> [PROBLEM] Copy out the full listing exactly, omitting any picture it contains.

> [COLLECTED DATA]
..........
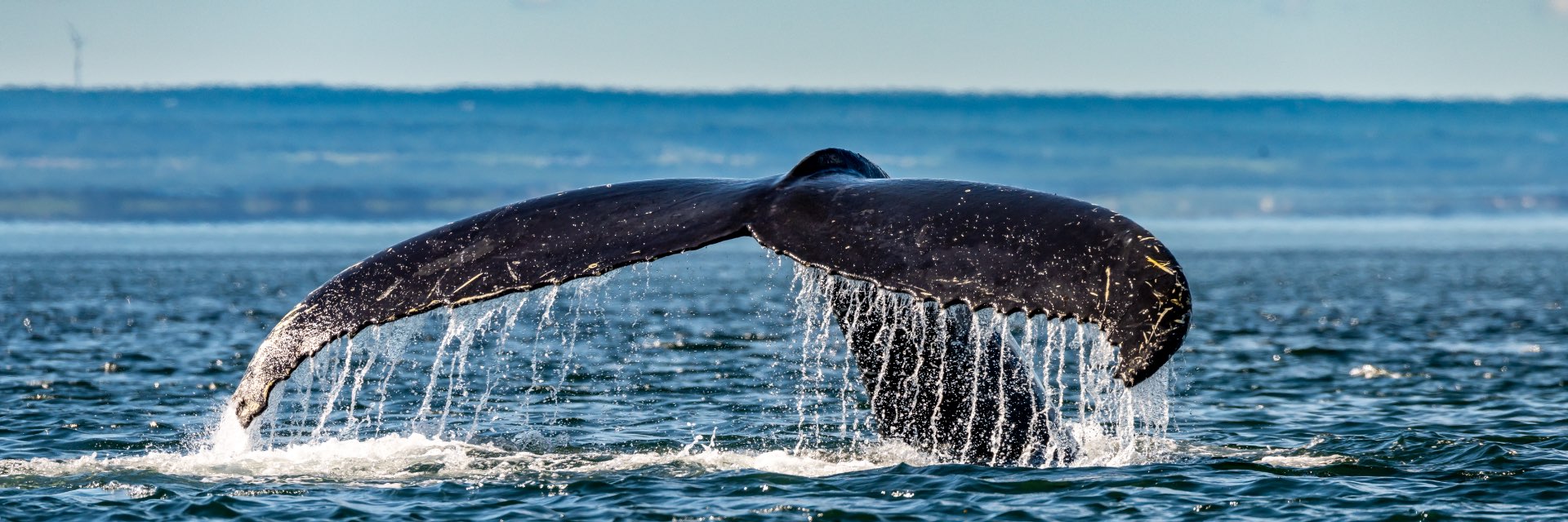 Humpback whale exhibiting its tail in river on sunny day.
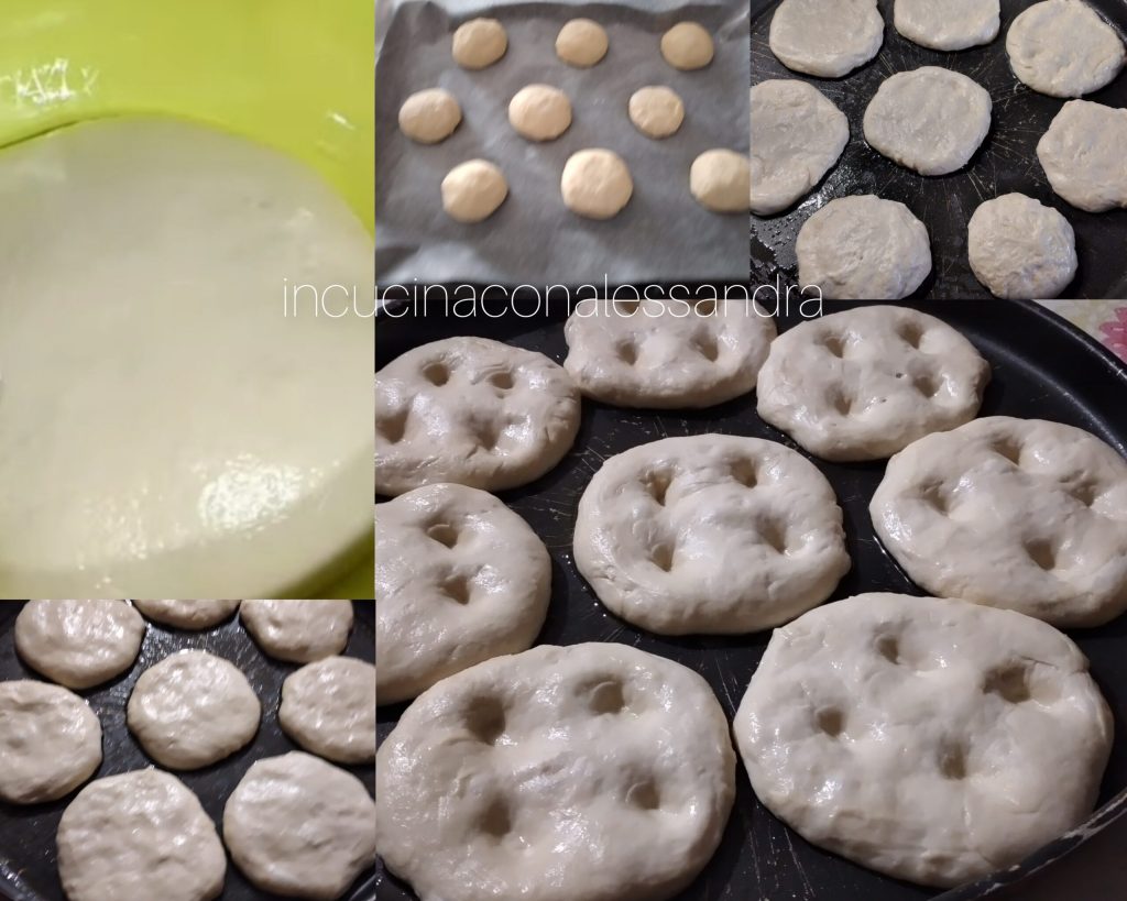 Dans une petite assiette avec le lait tiède, dissoudre la levure et le miel. Dans un grand bol ou sur un plan de travail, mettre la farine en fontaine. Si vous le faites sur un plan de travail, versez les liquides petit à petit, sinon dans le bol, versez le lait où vous avez dissous la levure, l’eau et l’huile et commencez à mélanger avec les mains ou avec l’aide d’une cuillère en bois. Quand ça commence à se mélanger, ajoutez le sel et commencez à pétrir puis continuez sur un plan de travail fariné. Dès que vous obtenez une pâte lisse et homogène, remettez-la dans le bol, couvrez-la avec un film plastique ou un torchon et laissez lever jusqu’à ce qu’elle double de volume. Une fois doublée, formez des boules et décidez de la taille en fonction de vos besoins, plus grandes ou plus petites. Couvrez avec un torchon et laissez lever encore un peu. Ensuite, reprenez les boules préparées, aplatissez-les un peu pour leur donner la forme des petits pains, mettez-les sur une plaque recouverte de papier sulfurisé, laissez lever à nouveau jusqu’à ce qu’elles doublent de volume. À ce moment, avec les doigts, faites les trous classiques des petits pains, badigeonnez avec un peu de lait et salez, enfournez dans le four chaud et faites cuire à 180° pendant environ 25 minutes ou jusqu’à la dorure souhaitée. Dès qu’ils sont cuits, badigeonnez-les rapidement avec très peu d’eau pour les rendre plus moelleux, mais si vous voulez les garnir, je vous conseille de ne pas trop les faire dorer, sinon ils s’ouvriront mal.
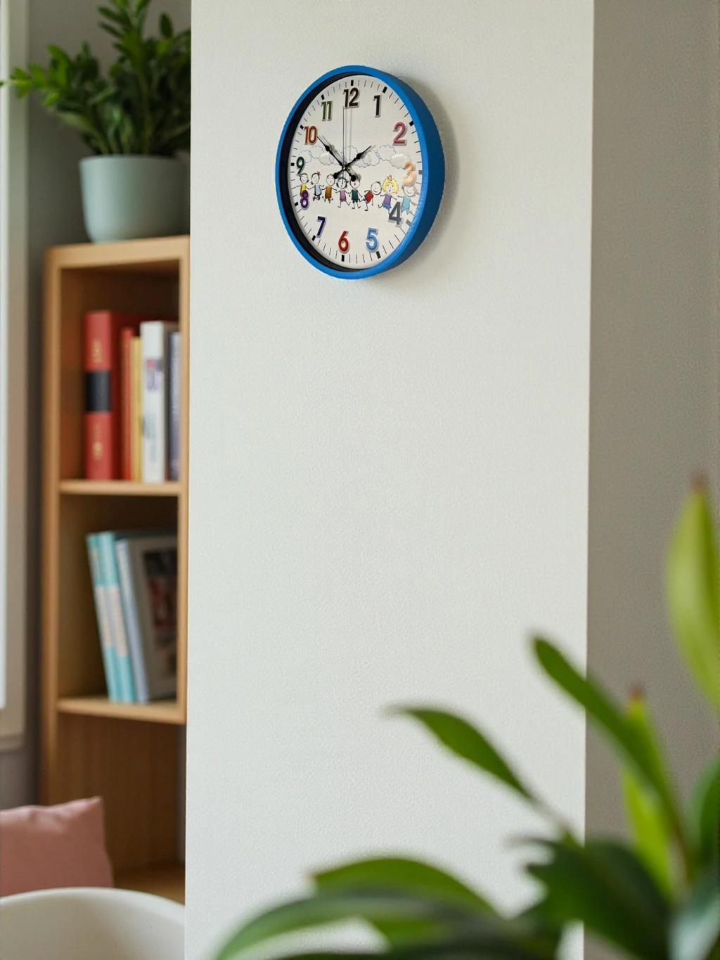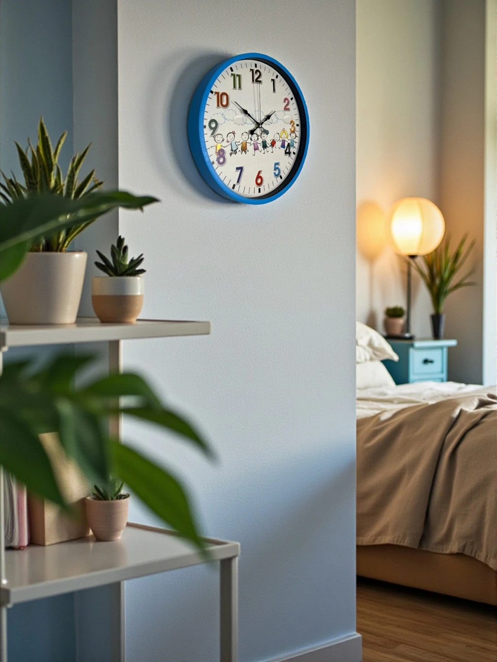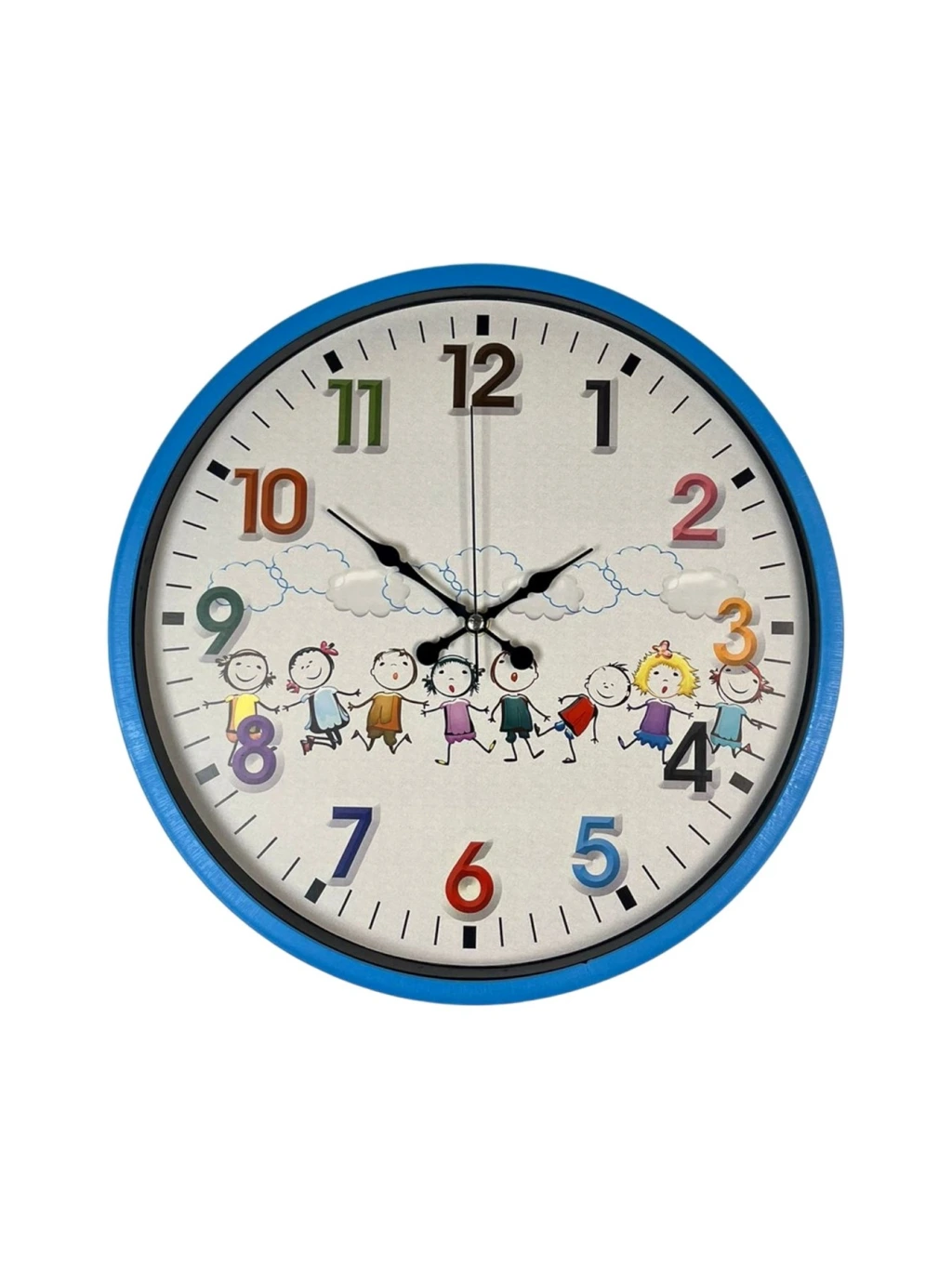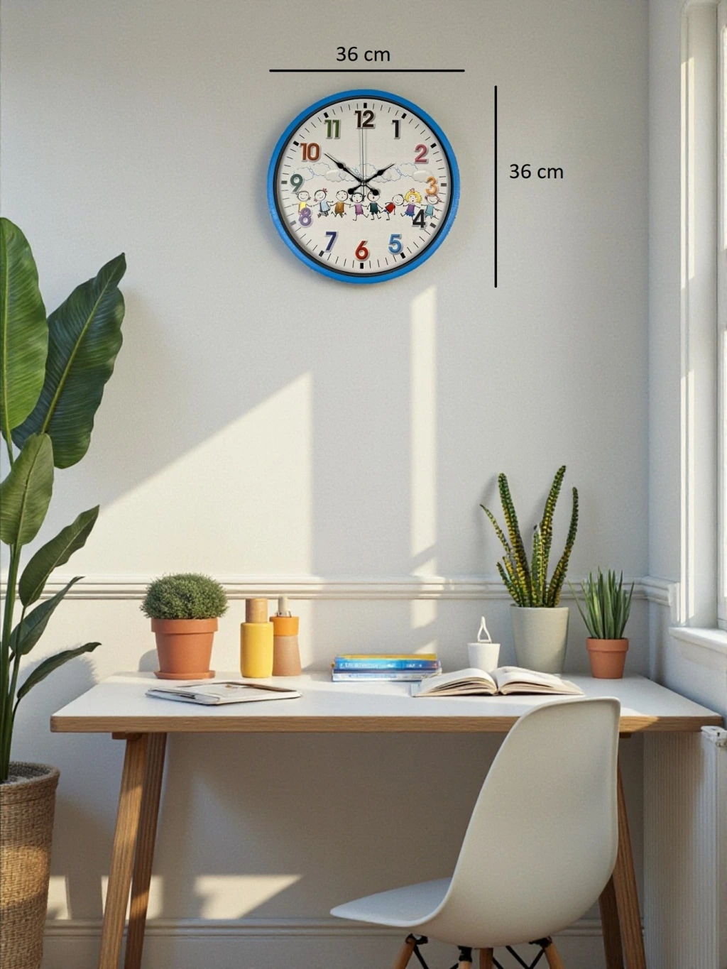 Canlı mavi çerçevesi, renkli rakamları ve sevimli çocuk figürleriyle tasarlanan bu 36 cm çocuk odası duvar saati, çocukların odasına neşe ve hareket katar. Eğlenceli tasarımı sayesinde çocukların saat kavramını öğrenmesini desteklerken, odanın dekorasyonuna da sıcak bir dokunuş ekler.
..........
> [REPLY]
 Humpback whale exhibiting its tail in river on sunny day.
 Dans une petite assiette avec le lait tiède, dissoudre la levure et le miel. Dans un grand bol ou sur un plan de travail, mettre la farine en fontaine. Si vous le faites sur un plan de travail, versez les liquides petit à petit, sinon dans le bol, versez le lait où vous avez dissous la levure, l’eau et l’huile et commencez à mélanger avec les mains ou avec l’aide d’une cuillère en bois. Quand ça commence à se mélanger, ajoutez le sel et commencez à pétrir puis continuez sur un plan de travail fariné. Dès que vous obtenez une pâte lisse et homogène, remettez-la dans le bol, couvrez-la avec un film plastique ou un torchon et laissez lever jusqu’à ce qu’elle double de volume. Une fois doublée, formez des boules et décidez de la taille en fonction de vos besoins, plus grandes ou plus petites. Couvrez avec un torchon et laissez lever encore un peu. Ensuite, reprenez les boules préparées, aplatissez-les un peu pour leur donner la forme des petits pains, mettez-les sur une plaque recouverte de papier sulfurisé, laissez lever à nouveau jusqu’à ce qu’elles doublent de volume. À ce moment, avec les doigts, faites les trous classiques des petits pains, badigeonnez avec un peu de lait et salez, enfournez dans le four chaud et faites cuire à 180° pendant environ 25 minutes ou jusqu’à la dorure souhaitée. Dès qu’ils sont cuits, badigeonnez-les rapidement avec très peu d’eau pour les rendre plus moelleux, mais si vous voulez les garnir, je vous conseille de ne pas trop les faire dorer, sinon ils s’ouvriront mal.
 Canlı mavi çerçevesi, renkli rakamları ve sevimli çocuk figürleriyle tasarlanan bu 36 cm çocuk odası duvar saati, çocukların odasına neşe ve hareket katar. Eğlenceli tasarımı sayesinde çocukların saat kavramını öğrenmesini desteklerken, odanın dekorasyonuna da sıcak bir dokunuş ekler.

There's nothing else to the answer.